I have only one remaining issue that was not included in my previous comments (apologies). It concerns Figure 1, where the claimed early diagnostic value of BM performance in the setting of AKI versus non-AKI is presented somewhat confusingly as a comparison between serum and urine. While the different peak levels are important, including a third SLPI curve for the non-AKI case (presumably a flat line) would be very helpful for clarity. Would it be possible to incorporate this adjustment?

Author Response

We appreciate the reviewer's attention to clarity in Figure 1. The curves do not plot raw SLPI levels but represent the calculated difference (ΔSLPI) between AKI and non-AKI patients over time. Therefore, the figure inherently includes non-AKI data as each point on the curve already encodes the relative difference from the non-AKI baseline. We added one sentence ‘The plotted curves illustrate differences in serum or urinary SLPI levels between AKI and non-AKI patients during the first 48 hours post-cardiovascular surgery.’ in line 230-232 of the legend and hope it could enhance clarity.
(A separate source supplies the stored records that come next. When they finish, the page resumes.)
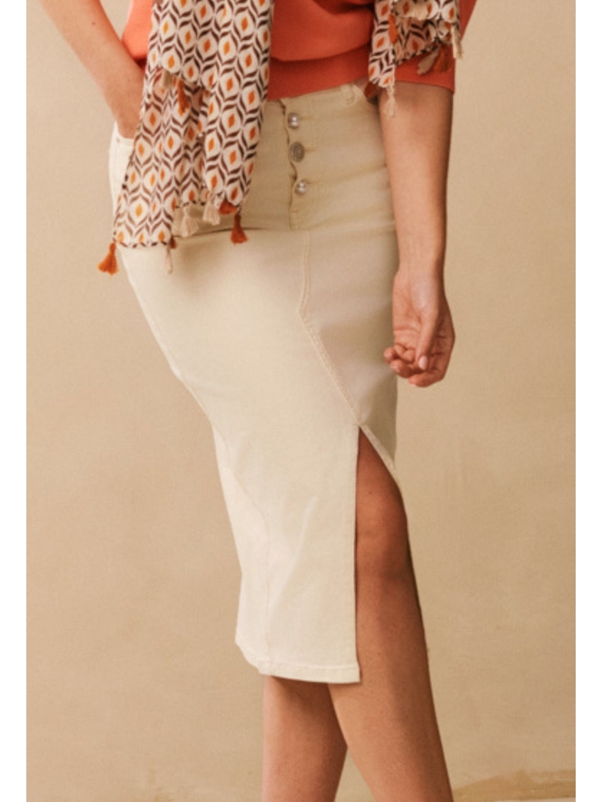 Hippe rok in denim ecru met split aan de voorkant. Dit is een 5 pocket model en heeft sjiecke knopen op de rok! leuk te combineren met een hip T-shirt of top.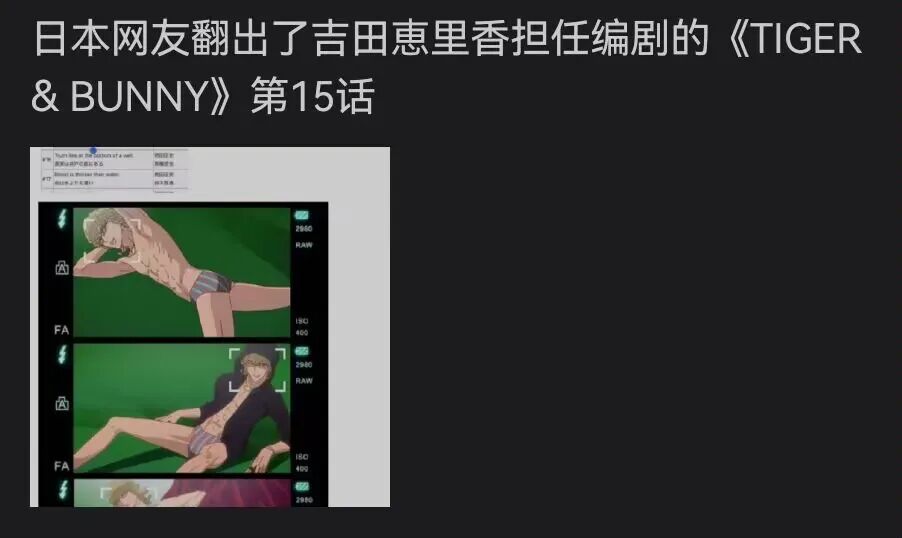 最后,还有日本网友翻出了吉田惠里香以往担任编剧的动画作品,但这部作品里充斥着大量的“福利镜头”,也就是她口中所谓的“杂音”,只不过是男性福利就是了......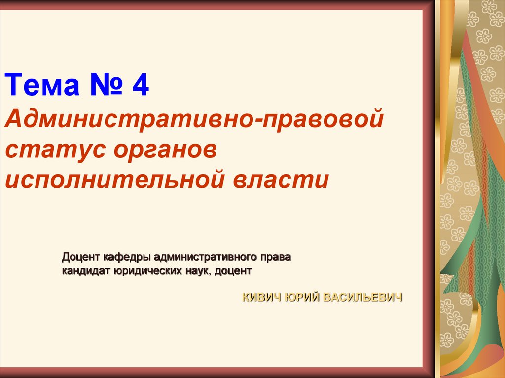 1. Тема № 4 Административно-правовой статус органов исполнительной власти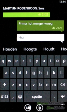 De berichtenapplicatie is weinig spectaculair. Berichten worden per contact gegroepeerd en met tekstballonnen weergegeven. Het virtuele toetsenbord heeft grote toetsen en reageert goed. Dit maakt een bericht typen behoorlijk plezierig. Minder leuk zijn het woordenboek en de spellingscorrectie. Weliswaar verschijnen boven het toetsenbord woordsuggesties maar het automatisch verbeteren gaat nogal lukraak. De ene keer wel en de andere keer niet. Bovendien krijg je hier geen duidelijke melding van. Een woord aan het woordenboek toevoegen gaat omslachtig want daarvoor moet het woord eerst geselecteerd worden en de ene keer kan het wel en de andere keer kan het niet.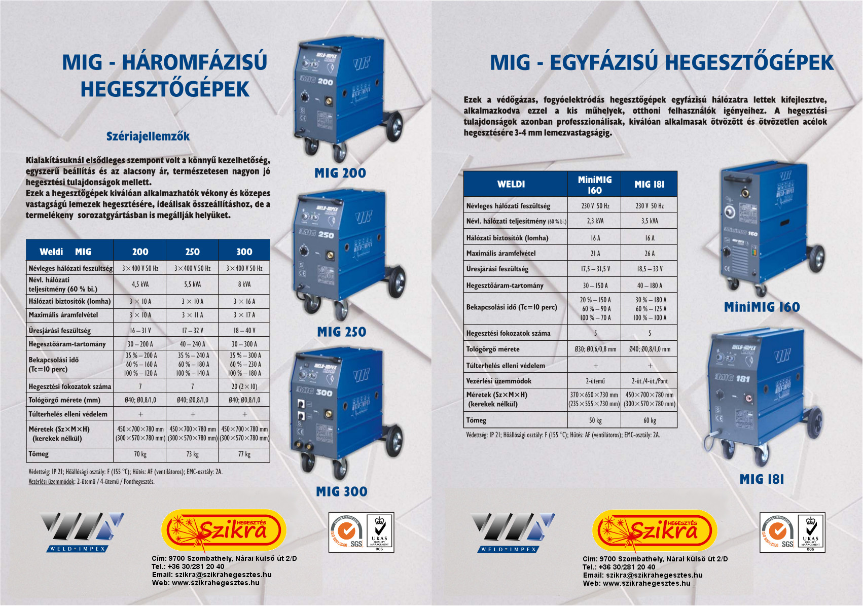 Egy-, háromfázisú MIG hegesztőgépek: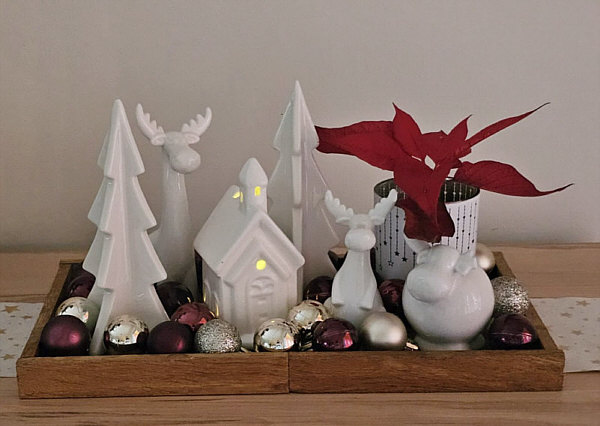 Holztablett Nochmal die Holztablett-Parade von Elfi S. vom 1.-4. Advent ... ... und so sah es an Weihnachten aus: Für Silvester wurde erneut umdekoriert: weiter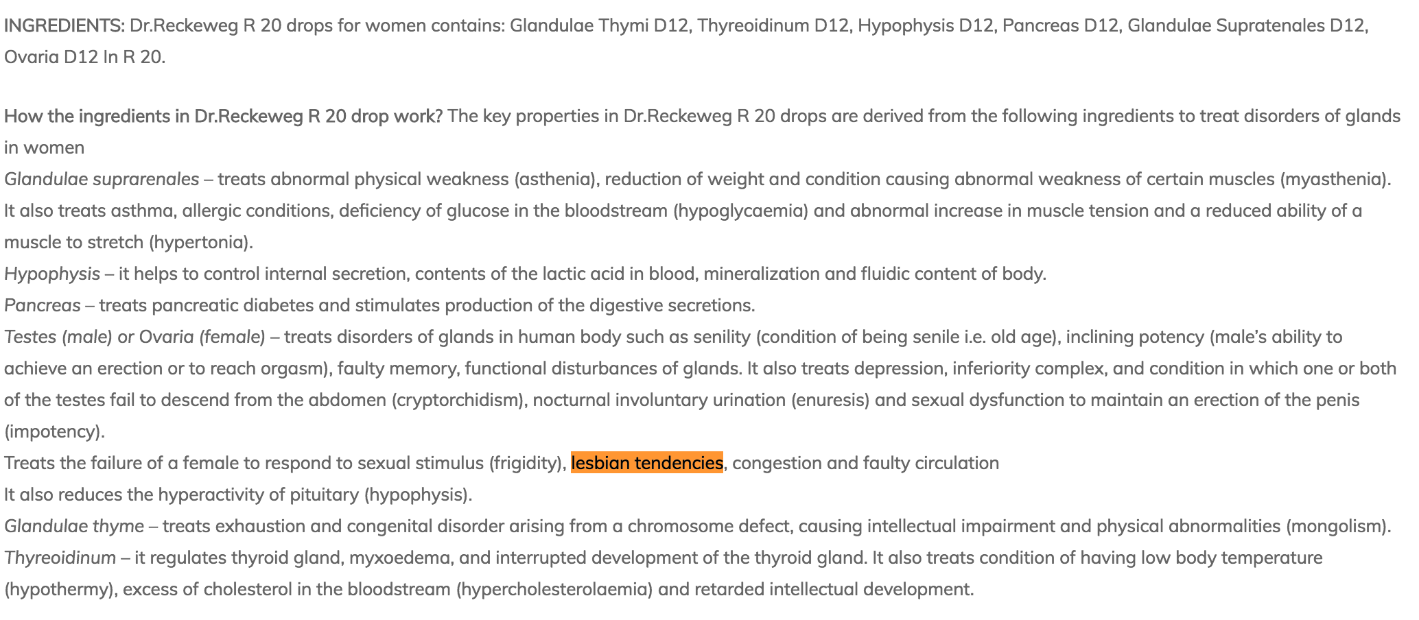But then, a few weeks ago, I read about a homeopathic solution – Dr.Reckeweg R20 Glandular Drops for Women. It’s not new, but a pharmacy website authorised by the Italian Ministry of Health was recently criticised for selling it. That’s because this “homeopathic remedy to support, stimulate, and regulate the female endocrinal glands” claims to include Ovaria among its components, which is supposed to “treat the failure of a female to respond to sexual stimulus (frigidity), lesbian tendencies, congestion and faulty circulation”. Following the public criticism and a mass appeal to Italian health minister Beatrice Lorenzin, many websites selling the product removed the reference to “lesbian tendencies”. But it can still be seen on some cached pages, and other sites still have the mention up, like this Indian web shop for homeopathic remedies.

Additional clarifications：References has been cited in Table 1, which were missing in the previous revised manuscript. 

Reviewer 3 Report

Comments and Suggestions for Authors

I have no further questions. Congratulations on your work.

Author Response

We sincerely thank the reviewer for the previous insightful comments. It helps us to further strengthened the scientific rigor and clarity of our work.